Saturday, December 5, 2009

Using The Internet To Transform Elder Care

Wicked Local Concord

Concord resident Jim Reynolds last month opened Caring Companion Connections, a home services agency that adds a 21st century twist to in-home elder care.

CCC’s caregivers, known as Companions, use smartphones, such as BlackBerrys, to upload photos, activity logs and daily reports to a Web portal tied into a landline at the client’s location and viewable by loved ones in other cities or towns.

Reynolds has hired Debbie Bier as district director of the Concord office. She is responsible for day-to-day operations of Caring Companion Connections, which covers Metrowest, a 45-minute radius around Concord by Reynolds’ definition.

He also plans to open offices in the Falmouth area, which would cover the Cape and South Shore, and on the North Shore around Salem or Gloucester. But Reynolds, whose family operates large non-medical home care agencies in Florida and Kansas, expects Caring Companion Connections will grow beyond Massachusetts.


Tell me about your business.

This is a family business, me and my family. We provide flexible, reliable homecare services to elders who want to remain in their homes as long as they can and stay independent rather than move into a nursing home. My dad started this business 17 years ago, but we have added in as new a feature here in Concord, a Web communications portal, which is unique in the industry. And this allows family members, especially adult children who are far away, to log on at work, or during the day from home, or on a business trip, wherever they are and see the status, to get a window into the living room, of what’s going on at the parents’ house. They know when we log in. They know the activities, meals and medication reminders. That kind of thing.

Why is the Web communications portal so important?

That’s important because typically, in this industry, that information is kept on a logbook on the kitchen table, and it’s useful if you’re standing at the kitchen table. The problem is that in most families the person who needs the information is not at the kitchen table — they’re usually in another city. If their loved one gets ill, or is not taking medications or having trouble moving — any information that needs to be noted — the information doesn’t get where it needs to be as quickly as it should.
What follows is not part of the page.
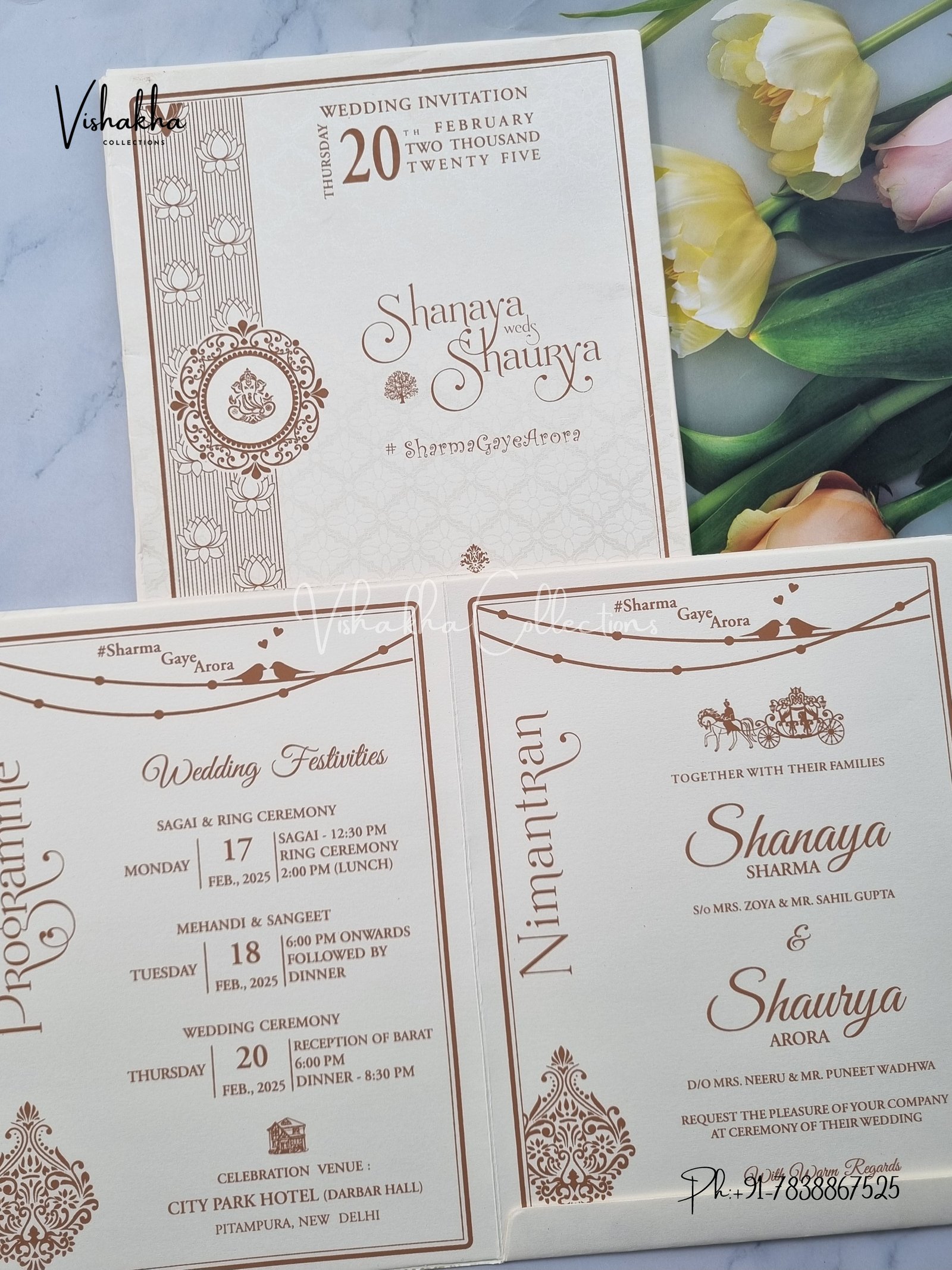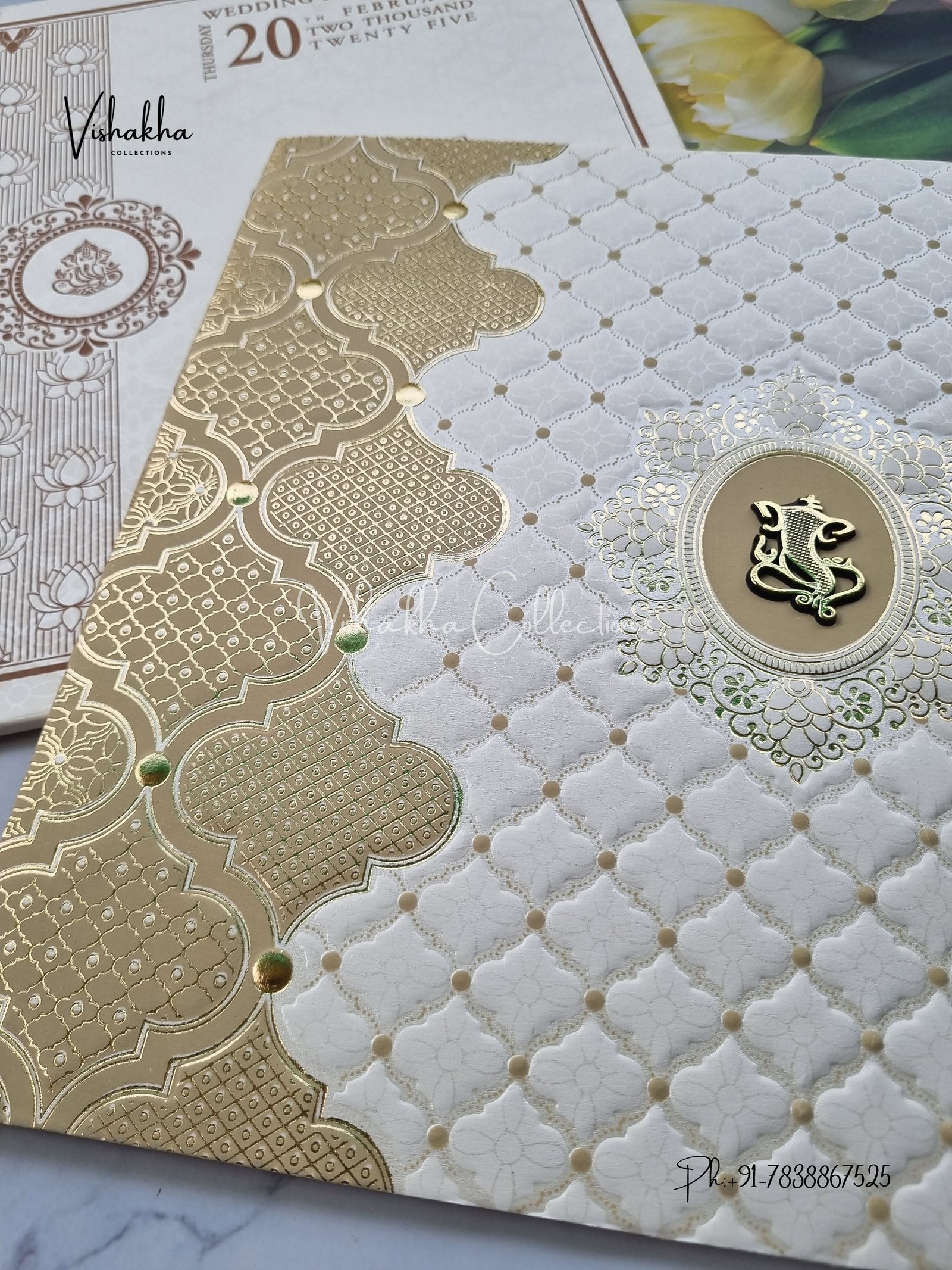 Vishakha Collections presents you beautiful luxury wedding invitation cards with all latest designs and the latest variety. Its just not a wedding invitation card but a beautiful feeling of love and relationship it carries for you. Beautifully printed and packed with a bundle of love. if you like it, dont think again, just go for it.If you are worrying about the quality of the product, send your doubts to us. We are here to help you. If you want in wholesale or bulk, dont forget to contact us.

And even then, only one person has it and you wind up with a range of telephone calls and e-mails and voicemails. So this provides one place, that’s instantaneous, that everyone can go for access to the same information and make decisions and take actions as quickly as possible. Or, even, if no action is required, simply to know that everything’s OK.
Can you talk about who your clients are and what kind of care they require?

There’s a particular phrase in this industry, activities of daily living, or ADLs, and those can range from things like trips to the grocery store to help getting to doctor’s visits to medication reminders and meal separation to more personal things like help with grooming, or help in the bathroom. If someone has limited mobility, and can’t move easily, we can help. If someone has lost use of a limb because of a stroke we can help. If someone is a risk to walk because of dementia, we can help. Typically, the clients are someone in their retirement years, most of them live alone and it’s important for these people to live where they want to live, a place that is familiar, where they have often lived for decades. Statistics bare out that people who live where they want to live have much better healthy, happy retirement years, and people who are involuntarily moved do poorly medically and have much more depression and report being less happy.